===== THE DATA

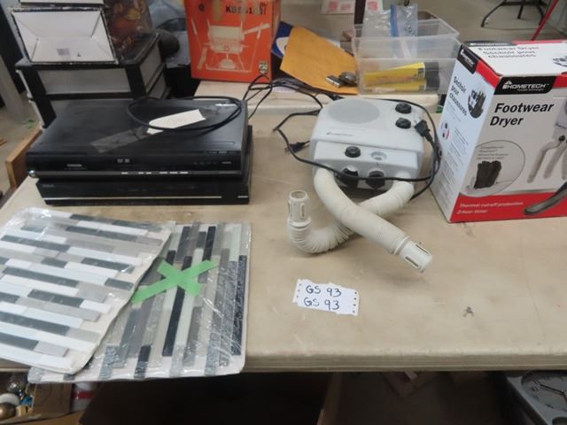 New Footwear Dryer, 1 used Footwear Dryer 1) Toshiba DVD PLayer 1) RCA DVD Player, 1 Tile
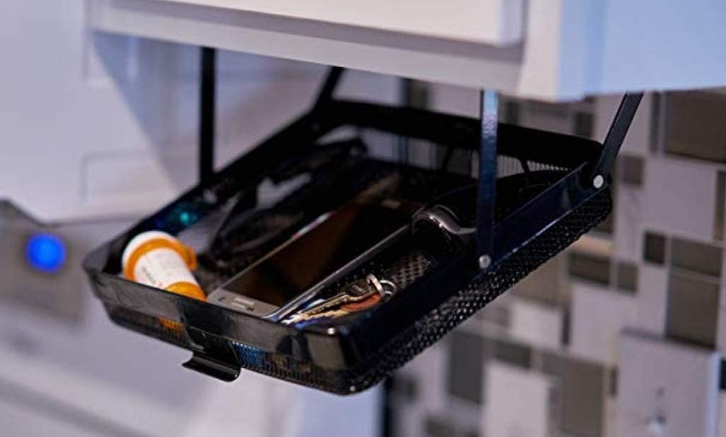 - Ingenious Storage Solution: An ideal compact size, our patented Everything Keeper provides a sturdy permanent storage container in your home, office, cabin, RV, & other busy areas. Perfect for use at everyday workstations, the tasteful black mesh movable basket hangs in reaching distance for essentials like pens, paperwork, computer accessories, and personal items. The interior holder measures 12” x 10” x 2.5” & includes a slip-resistant mat, making it extra user-friendly.
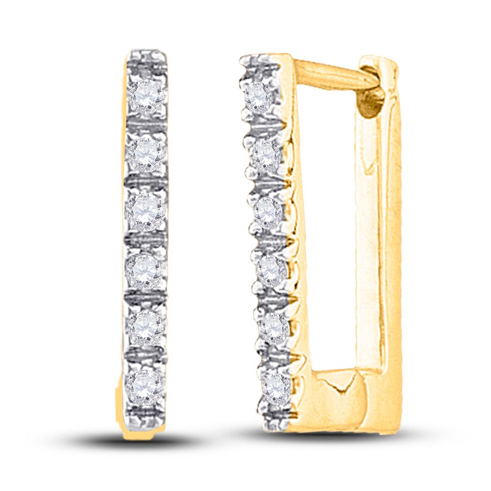 10kt Yellow Gold Womens Round Diamond Rectangle Notched-post Hoop Earrings 1/20 Cttw

==========

## YOUR TASK
Please give again, word for word, the lines from the one containing "- Ingenious Storage" through the last line of the listing above, inclusive, and leave out pictures.

## RESPONSE BELOW
 - Ingenious Storage Solution: An ideal compact size, our patented Everything Keeper provides a sturdy permanent storage container in your home, office, cabin, RV, & other busy areas. Perfect for use at everyday workstations, the tasteful black mesh movable basket hangs in reaching distance for essentials like pens, paperwork, computer accessories, and personal items. The interior holder measures 12” x 10” x 2.5” & includes a slip-resistant mat, making it extra user-friendly.
 10kt Yellow Gold Womens Round Diamond Rectangle Notched-post Hoop Earrings 1/20 Cttw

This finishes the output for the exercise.